WORK TASK >>
Nothing but an exact copy is asked for: the lines in the material below from the one with "I've steered clear" through the one with "Geneviève PEIGNÉ a", pictures excluded.

TASK INPUTS >>
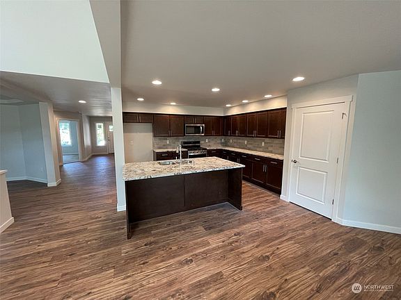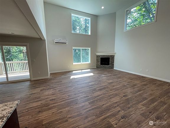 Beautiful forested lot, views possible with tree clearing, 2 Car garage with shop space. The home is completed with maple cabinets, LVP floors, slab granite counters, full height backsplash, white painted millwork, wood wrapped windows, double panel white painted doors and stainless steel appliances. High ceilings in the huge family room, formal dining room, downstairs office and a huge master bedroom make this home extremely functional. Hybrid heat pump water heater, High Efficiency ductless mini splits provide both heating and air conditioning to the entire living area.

---

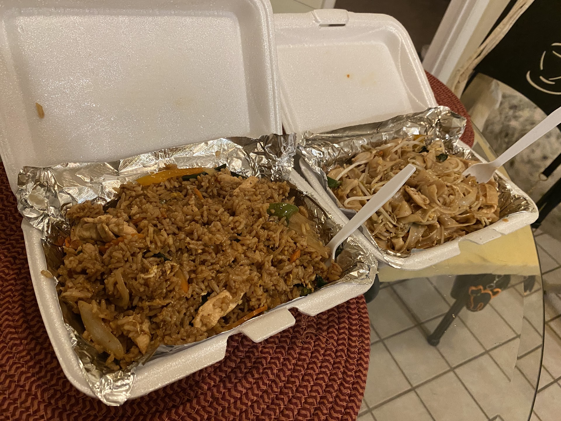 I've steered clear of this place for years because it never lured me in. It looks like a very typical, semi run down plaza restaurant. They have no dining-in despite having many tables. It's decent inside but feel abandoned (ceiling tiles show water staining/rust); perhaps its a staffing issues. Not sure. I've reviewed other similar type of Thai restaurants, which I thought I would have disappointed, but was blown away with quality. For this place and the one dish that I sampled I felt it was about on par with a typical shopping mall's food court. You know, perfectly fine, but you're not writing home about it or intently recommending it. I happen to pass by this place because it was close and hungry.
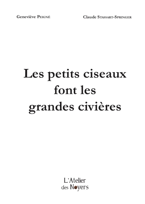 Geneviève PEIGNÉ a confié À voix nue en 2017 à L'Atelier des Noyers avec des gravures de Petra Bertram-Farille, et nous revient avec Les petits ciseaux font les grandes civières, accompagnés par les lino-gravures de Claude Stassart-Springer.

ANSWER SECTION >>
 I've steered clear of this place for years because it never lured me in. It looks like a very typical, semi run down plaza restaurant. They have no dining-in despite having many tables. It's decent inside but feel abandoned (ceiling tiles show water staining/rust); perhaps its a staffing issues. Not sure. I've reviewed other similar type of Thai restaurants, which I thought I would have disappointed, but was blown away with quality. For this place and the one dish that I sampled I felt it was about on par with a typical shopping mall's food court. You know, perfectly fine, but you're not writing home about it or intently recommending it. I happen to pass by this place because it was close and hungry.
 Geneviève PEIGNÉ a confié À voix nue en 2017 à L'Atelier des Noyers avec des gravures de Petra Bertram-Farille, et nous revient avec Les petits ciseaux font les grandes civières, accompagnés par les lino-gravures de Claude Stassart-Springer.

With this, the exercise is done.